Eastern Washington Universitys building in downtown Spokane is back up for sale after the Washington state agency that has been marketing the structure was unable to reach an agreement with the apparent winning bidder, Seattle-based Meriwether Partners LLC.
Three parties still are interested in buying the structure, though, and one of them is expected to provide a written offer shortly, says Steve Valandra, spokesman for the state Department of General Administration. The agency also will prepare a new prospectus on the building that it will post on its Web site, he says.

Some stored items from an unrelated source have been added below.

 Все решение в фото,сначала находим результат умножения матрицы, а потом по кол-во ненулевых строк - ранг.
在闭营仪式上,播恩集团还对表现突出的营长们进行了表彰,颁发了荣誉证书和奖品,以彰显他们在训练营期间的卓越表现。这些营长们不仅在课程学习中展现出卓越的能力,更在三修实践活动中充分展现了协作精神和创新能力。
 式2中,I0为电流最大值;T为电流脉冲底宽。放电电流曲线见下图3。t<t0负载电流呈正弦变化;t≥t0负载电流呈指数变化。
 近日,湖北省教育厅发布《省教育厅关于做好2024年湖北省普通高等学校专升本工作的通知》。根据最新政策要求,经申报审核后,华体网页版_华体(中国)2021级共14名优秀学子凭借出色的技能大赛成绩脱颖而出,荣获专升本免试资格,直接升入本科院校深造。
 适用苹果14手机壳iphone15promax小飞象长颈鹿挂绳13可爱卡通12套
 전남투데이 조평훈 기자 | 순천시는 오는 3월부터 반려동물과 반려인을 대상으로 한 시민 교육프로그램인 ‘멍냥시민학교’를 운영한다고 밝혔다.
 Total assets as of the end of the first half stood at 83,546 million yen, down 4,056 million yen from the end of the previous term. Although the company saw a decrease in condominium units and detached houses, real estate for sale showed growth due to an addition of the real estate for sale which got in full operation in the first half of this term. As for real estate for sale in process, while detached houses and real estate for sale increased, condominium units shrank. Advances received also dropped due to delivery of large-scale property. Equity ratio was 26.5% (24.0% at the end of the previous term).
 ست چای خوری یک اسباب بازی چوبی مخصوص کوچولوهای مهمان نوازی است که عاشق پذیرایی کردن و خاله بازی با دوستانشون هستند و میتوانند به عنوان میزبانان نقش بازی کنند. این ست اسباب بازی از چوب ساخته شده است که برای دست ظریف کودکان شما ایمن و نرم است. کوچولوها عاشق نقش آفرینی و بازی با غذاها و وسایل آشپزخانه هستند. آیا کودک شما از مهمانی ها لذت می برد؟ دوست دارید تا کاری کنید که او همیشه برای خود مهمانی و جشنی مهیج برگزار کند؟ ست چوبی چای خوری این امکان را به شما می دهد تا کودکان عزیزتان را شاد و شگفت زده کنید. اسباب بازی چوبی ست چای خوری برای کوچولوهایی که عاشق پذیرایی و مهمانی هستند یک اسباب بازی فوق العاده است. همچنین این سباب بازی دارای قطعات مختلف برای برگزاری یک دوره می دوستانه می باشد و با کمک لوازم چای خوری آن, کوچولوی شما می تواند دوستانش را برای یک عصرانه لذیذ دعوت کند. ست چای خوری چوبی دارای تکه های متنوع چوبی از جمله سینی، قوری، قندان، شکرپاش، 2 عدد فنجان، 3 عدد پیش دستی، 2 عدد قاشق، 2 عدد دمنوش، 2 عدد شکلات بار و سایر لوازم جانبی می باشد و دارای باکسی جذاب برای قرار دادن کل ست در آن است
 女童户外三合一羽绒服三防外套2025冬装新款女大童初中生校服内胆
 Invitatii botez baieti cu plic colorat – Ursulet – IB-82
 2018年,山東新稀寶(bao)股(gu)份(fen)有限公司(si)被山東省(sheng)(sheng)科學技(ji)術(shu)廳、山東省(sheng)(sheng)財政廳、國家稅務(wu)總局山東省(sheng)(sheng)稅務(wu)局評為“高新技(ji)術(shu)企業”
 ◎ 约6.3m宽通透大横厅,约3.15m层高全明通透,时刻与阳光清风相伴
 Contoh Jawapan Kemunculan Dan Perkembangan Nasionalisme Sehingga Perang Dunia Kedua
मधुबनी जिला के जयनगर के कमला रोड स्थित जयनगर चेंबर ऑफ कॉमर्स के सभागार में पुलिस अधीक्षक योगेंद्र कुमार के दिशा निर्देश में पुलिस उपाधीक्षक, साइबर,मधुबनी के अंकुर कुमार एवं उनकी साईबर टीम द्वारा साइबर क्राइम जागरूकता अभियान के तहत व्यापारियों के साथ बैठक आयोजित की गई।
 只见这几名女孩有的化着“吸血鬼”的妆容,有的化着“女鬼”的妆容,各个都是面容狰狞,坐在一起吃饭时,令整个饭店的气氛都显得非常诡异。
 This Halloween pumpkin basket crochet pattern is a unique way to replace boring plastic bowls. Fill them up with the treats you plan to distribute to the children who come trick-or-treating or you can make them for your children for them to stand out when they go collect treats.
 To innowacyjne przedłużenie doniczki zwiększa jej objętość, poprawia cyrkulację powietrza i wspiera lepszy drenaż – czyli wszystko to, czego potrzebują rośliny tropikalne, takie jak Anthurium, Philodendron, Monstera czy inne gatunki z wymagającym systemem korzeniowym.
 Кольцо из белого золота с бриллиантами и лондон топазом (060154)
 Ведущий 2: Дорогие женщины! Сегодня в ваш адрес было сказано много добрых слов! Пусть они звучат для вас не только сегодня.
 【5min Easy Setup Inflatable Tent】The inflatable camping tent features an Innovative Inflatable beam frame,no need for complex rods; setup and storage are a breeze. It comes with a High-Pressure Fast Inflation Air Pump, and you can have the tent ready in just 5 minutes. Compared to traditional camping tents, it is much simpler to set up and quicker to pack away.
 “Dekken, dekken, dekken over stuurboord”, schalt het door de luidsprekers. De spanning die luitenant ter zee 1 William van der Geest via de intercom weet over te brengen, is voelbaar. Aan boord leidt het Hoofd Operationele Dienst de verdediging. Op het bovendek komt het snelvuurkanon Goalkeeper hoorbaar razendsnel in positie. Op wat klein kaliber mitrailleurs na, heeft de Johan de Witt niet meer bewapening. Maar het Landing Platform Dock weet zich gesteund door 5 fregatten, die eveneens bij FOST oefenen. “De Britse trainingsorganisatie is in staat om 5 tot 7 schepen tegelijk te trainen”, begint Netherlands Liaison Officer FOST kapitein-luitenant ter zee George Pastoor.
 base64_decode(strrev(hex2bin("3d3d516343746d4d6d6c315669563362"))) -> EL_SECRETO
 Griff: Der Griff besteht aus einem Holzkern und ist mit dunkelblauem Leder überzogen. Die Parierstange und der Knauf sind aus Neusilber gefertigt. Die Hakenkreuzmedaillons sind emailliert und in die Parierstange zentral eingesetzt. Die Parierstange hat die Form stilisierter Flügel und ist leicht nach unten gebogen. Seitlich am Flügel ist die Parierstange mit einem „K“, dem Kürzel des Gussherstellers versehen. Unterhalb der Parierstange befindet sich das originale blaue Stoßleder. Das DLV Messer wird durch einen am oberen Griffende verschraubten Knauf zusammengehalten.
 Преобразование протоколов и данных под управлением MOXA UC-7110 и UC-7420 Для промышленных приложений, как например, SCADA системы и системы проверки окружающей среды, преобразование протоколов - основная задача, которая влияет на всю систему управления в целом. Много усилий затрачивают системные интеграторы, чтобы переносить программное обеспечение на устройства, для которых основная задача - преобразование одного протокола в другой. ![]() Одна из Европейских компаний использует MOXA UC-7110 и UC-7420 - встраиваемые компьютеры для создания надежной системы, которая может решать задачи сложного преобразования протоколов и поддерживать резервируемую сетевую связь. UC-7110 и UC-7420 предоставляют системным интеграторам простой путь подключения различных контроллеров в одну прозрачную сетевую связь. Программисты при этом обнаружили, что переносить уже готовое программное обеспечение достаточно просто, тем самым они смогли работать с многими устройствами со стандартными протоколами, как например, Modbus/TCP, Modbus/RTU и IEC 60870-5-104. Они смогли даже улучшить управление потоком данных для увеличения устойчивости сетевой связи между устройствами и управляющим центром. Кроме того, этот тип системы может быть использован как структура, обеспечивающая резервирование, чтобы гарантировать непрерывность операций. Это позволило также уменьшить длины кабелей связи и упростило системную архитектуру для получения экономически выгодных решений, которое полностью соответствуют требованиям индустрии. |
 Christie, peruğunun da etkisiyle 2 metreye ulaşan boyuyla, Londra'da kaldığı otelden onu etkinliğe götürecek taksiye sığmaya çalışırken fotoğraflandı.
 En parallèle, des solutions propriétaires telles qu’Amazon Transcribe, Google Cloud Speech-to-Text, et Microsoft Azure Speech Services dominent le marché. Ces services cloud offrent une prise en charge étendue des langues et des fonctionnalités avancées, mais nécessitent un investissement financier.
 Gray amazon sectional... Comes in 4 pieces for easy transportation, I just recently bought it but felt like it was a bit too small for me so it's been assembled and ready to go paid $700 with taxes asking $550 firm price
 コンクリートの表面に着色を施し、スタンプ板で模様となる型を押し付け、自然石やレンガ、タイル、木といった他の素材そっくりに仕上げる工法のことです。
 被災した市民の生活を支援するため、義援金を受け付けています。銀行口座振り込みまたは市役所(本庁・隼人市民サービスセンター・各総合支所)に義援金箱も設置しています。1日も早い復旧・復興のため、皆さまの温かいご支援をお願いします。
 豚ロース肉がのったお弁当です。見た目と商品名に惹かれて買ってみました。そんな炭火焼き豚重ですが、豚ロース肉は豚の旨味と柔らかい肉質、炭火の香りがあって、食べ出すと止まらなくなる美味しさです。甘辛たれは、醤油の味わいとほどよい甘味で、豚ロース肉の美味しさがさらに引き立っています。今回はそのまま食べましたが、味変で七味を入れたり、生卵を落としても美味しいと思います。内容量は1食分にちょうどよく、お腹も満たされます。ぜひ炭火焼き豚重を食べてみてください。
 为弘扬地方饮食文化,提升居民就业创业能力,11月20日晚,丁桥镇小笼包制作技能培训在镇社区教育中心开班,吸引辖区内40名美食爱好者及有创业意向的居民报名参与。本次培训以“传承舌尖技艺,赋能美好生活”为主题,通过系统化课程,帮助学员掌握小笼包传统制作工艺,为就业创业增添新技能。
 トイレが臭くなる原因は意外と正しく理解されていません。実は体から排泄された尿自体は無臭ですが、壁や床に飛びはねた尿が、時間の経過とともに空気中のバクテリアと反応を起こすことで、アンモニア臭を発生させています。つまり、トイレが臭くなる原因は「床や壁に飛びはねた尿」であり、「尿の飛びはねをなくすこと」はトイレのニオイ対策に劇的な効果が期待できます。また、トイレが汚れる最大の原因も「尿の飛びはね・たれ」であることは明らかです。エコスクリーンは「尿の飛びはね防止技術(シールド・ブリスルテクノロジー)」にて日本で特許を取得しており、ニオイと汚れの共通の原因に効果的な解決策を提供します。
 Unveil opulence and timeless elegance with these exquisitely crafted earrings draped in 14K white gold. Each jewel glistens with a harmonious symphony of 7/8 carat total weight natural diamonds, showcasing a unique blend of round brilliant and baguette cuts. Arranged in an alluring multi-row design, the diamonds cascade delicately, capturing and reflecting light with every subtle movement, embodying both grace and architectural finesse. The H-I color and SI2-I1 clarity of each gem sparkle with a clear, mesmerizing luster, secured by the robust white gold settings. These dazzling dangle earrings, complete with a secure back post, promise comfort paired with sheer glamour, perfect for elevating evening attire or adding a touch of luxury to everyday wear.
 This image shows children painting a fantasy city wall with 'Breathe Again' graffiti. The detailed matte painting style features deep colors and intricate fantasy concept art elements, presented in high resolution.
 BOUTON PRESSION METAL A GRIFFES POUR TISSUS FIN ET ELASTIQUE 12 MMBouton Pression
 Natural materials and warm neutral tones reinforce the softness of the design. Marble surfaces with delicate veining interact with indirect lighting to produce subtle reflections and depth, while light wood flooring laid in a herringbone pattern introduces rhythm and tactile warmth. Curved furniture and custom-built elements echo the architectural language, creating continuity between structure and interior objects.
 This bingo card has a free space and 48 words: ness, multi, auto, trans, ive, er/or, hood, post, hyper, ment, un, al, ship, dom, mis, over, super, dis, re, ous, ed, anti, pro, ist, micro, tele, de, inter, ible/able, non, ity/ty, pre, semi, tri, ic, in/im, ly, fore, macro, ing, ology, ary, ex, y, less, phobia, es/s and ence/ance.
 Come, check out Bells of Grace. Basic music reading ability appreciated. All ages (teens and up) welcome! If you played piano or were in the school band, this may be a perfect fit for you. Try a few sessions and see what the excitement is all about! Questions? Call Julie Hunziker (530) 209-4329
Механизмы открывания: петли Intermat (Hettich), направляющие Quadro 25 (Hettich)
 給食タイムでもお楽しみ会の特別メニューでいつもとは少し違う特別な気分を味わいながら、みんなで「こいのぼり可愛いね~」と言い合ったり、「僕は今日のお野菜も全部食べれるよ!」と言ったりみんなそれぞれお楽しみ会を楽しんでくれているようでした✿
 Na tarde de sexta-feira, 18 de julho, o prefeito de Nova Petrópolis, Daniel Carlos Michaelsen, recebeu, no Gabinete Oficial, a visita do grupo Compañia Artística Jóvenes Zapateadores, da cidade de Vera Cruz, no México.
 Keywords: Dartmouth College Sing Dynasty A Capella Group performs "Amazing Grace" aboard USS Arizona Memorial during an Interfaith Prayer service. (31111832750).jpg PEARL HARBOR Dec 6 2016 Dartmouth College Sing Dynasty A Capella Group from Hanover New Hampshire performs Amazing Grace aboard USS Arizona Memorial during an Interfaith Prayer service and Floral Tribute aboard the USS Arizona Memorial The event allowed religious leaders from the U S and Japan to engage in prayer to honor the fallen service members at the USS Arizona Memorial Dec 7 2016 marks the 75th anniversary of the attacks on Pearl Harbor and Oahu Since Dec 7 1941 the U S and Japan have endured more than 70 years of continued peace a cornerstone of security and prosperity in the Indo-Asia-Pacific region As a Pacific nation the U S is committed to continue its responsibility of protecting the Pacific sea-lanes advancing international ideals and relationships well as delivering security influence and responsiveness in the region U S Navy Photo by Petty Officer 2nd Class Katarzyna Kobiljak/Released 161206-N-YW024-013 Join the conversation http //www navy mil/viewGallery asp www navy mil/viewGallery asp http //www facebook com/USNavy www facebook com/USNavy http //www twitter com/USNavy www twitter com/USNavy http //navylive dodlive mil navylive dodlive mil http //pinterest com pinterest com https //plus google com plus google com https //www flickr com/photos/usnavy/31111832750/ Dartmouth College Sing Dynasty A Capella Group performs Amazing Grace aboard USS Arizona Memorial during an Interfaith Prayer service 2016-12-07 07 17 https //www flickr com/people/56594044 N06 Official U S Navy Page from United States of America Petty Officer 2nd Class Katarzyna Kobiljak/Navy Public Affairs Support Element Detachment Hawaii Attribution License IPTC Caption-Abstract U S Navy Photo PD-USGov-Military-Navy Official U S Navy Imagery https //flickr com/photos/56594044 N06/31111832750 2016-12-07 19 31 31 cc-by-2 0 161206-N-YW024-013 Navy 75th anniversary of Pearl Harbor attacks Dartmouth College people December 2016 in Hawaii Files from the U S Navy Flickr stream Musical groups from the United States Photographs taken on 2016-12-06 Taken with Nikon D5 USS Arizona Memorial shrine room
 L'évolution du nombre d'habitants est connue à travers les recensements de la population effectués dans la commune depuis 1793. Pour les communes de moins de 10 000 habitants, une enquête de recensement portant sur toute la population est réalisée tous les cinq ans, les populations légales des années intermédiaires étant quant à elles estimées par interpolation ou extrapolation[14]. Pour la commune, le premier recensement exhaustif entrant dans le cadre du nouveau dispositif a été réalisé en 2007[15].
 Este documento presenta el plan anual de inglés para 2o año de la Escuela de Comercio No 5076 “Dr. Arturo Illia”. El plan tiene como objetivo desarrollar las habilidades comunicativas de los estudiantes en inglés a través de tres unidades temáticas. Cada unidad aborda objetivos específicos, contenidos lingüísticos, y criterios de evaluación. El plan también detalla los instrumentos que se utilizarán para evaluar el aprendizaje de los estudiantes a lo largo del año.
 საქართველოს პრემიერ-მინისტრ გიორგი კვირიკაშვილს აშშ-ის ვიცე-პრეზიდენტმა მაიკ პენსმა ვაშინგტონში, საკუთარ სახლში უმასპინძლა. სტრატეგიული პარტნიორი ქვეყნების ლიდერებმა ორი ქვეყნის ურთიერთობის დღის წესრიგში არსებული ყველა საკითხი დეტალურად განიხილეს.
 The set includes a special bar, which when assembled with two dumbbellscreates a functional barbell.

The state had set a minimum asking price of $3.77 million for the four-story, 67,000-square-foot structure, which is called the EWU Spokane Center and is located at 705 W. First. The university has housed its Spokane branch operations there since 1983, but now plans to construct a larger building in the nearby Riverpoint Higher Education Park as part of a broader effort to expand its academic offerings in Spokane.
EWU intends to use money from the sale of its current building to fund design and planning work for its envisioned Riverpoint building, and expects to seek state construction dollars for that building in the 2009-2011 biennium.
Meriwether Partners, a five-year-old commercial real estate company that owns 11 properties in the western U.S., and Fred DiCosola, a member of a private investment group, submitted the only proposals for the building in the first go-round.
Meriwether Partners proposal was deemed unworkable because it was based on a leaseback arrangement with EWU, and the university plans to move its staff out of the building by the end of September, Valandra says. The DiCosola groups proposal didnt meet the minimum asking price for the building, he says, but Tim Redfern, of Spokanes R.H. Cooke & Associates Inc., who is representing the investment group, says the group still is interested in the building and plans to resubmit an offer for it.
The DiCosola group is one of the three parties that Valandra says still are interested in the building. He says he doesnt know the names of the two other parties, but they both are located in Spokane. One of those parties might be Walt Worthy, who owns the Davenport Hotel and the recently opened Davenport Tower, which is located just west of the EWU building, with his wife, Karen.
Worthy says he was out of town and didnt learn that the building had been listed for sale until it was too late to submit a proposal, but that he expects to do so now that it has been put back on the market. He says he, too, would expect to fix it up and lease it out.